SnapshotKernel class

Fields:

  • _states: dict[str, State] — state storage
  • _lock: threading.Lock — protects _states
  • _executions: dict[str, Thread] — maps exec_id to the thread running it
  • _exec_lock: threading.Lock — protects _executions

Methods:

  • reset(): Clears _states, creates "initial" state with empty namespace.
  • list_states(): Returns list of state names (under _lock).
  • get_state(state_name): Returns serializable dict with name, timestamp, and variables (each variable as {type, repr}). Returns None if not found.
  • delete_state(state_name): Removes state from dict (under _lock).
  • execute(code, exec_id, state_name, new_state_name=None):
    1. Generate new_state_name via uuid.uuid4().hex if not provided.
    2. Snapshot the source state's namespace (under _lock, briefly).
    3. Register exec_id -> current_thread in _executions.
    4. Set up per-thread stdout/stderr capture via ThreadSafeWriter.
    5. Parse code with ast.parse(). If the last statement is an ast.Expr, split it off: compile preceding statements as exec, compile last expression as eval to capture its return value (mimicking Jupyter behavior).
    6. Execute via exec()/eval() on the copied namespace. Catch KeyboardInterrupt (from interrupt) and general Exception.
    7. Build Jupyter-style output list: stream (stdout/stderr), execute_result (last expr value as text/plain), error (exception info with traceback).
    8. On success, snapshot the modified namespace and store as new state. On error, do not store a new state.
    9. Unregister exec_id. Return {output, state_name, error}.
  • interrupt(exec_id): Looks up the thread in _executions, uses ctypes.pythonapi.PyThreadState_SetAsyncExc to raise KeyboardInterrupt in that thread. This gets caught by the except KeyboardInterrupt in execute().

Concurrency model

  • The _lock is only held briefly (to read/write the state dict), so multiple execute() calls run in parallel on independent namespace copies.
  • Each execution runs in a cheroot worker thread — no need to spawn our own threads.
  • ThreadSafeWriter ensures stdout/stderr capture is isolated per thread.
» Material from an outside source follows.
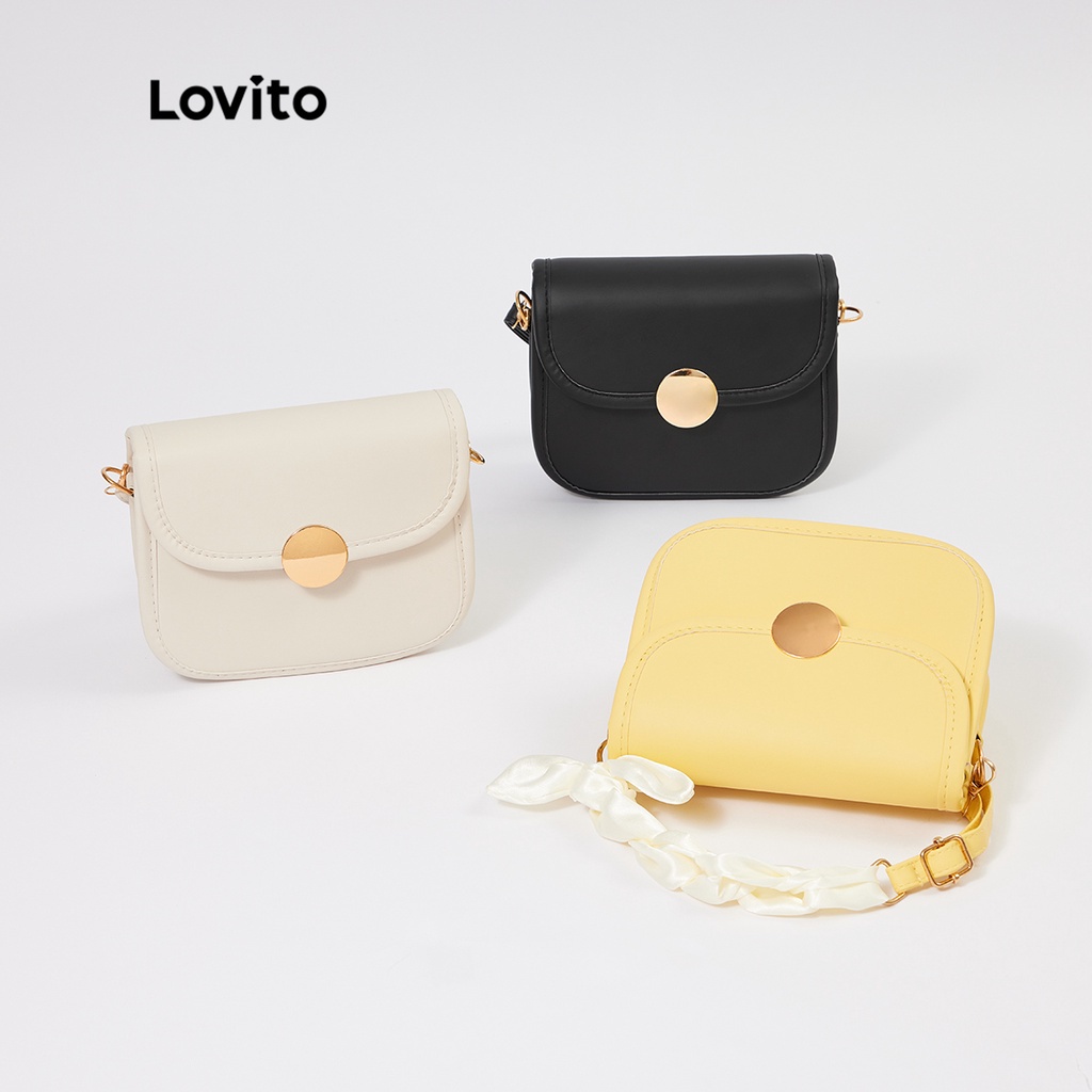 Lovito Túi đeo vai mini có dây xích màu trơn thường ngày cho Nữ l48ba011 (trắng/hồng/tím/xanh lá/Đen)

Step 4: Implement snapshot_kernel/main.py

REST API routes

Method Path Kernel Method Body (JSON)
POST /execute execute() {code, exec_id, state_name, new_state_name?}
GET /states list_states()
GET /states/<name> get_state()
DELETE /states/<name> delete_state()
POST /reset reset()
POST /interrupt interrupt() {exec_id}

Authentication

A @app.hook('before_request') checks the token URL parameter against the configured secret. Returns 401 on mismatch.

Server startup

Custom entry point with argparse:

python -m snapshot_kernel.main --bind 0.0.0.0:8080 --token=SECRET

Parses --bind (default 127.0.0.1:8080) and --token (required). Runs the Bottle app with server='cheroot'.

Known Limitations

  • copy.deepcopy will fail on some objects (file handles, generators); fallback is to store a reference (shared between states).
  • PyThreadState_SetAsyncExc cannot interrupt blocking C extensions (e.g., long numpy ops). This is an inherent Python limitation.
  • Each state stores a full namespace copy — memory grows with state count and variable size.

Verification

  1. Install the package: pip install -e .
  2. Start the server: python -m snapshot_kernel.main --bind 127.0.0.1:8080 --token=test123
  3. Test basic execution:
    curl -X POST 'http://127.0.0.1:8080/execute?token=test123' \
      -H 'Content-Type: application/json' \
      -d '{"code": "x = 42\nprint(x)", "exec_id": "e1", "state_name": "initial"}'
  4. Test state listing: curl 'http://127.0.0.1:8080/states?token=test123'
  5. Test state retrieval: curl 'http://127.0.0.1:8080/states/<name>?token=test123'
  6. Test chained execution (execute against the state produced in step 3):
    curl -X POST 'http://127.0.0.1:8080/execute?token=test123' \
      -H 'Content-Type: application/json' \
      -d '{"code": "x + 1", "exec_id": "e2", "state_name": "<name_from_step_3>"}'
  7. Test interrupt: start a long-running execution, then POST to /interrupt.
  8. Test auth: make a request without token or with wrong token, verify 401.
  9. Test reset: POST to /reset, verify states are cleared except new initial.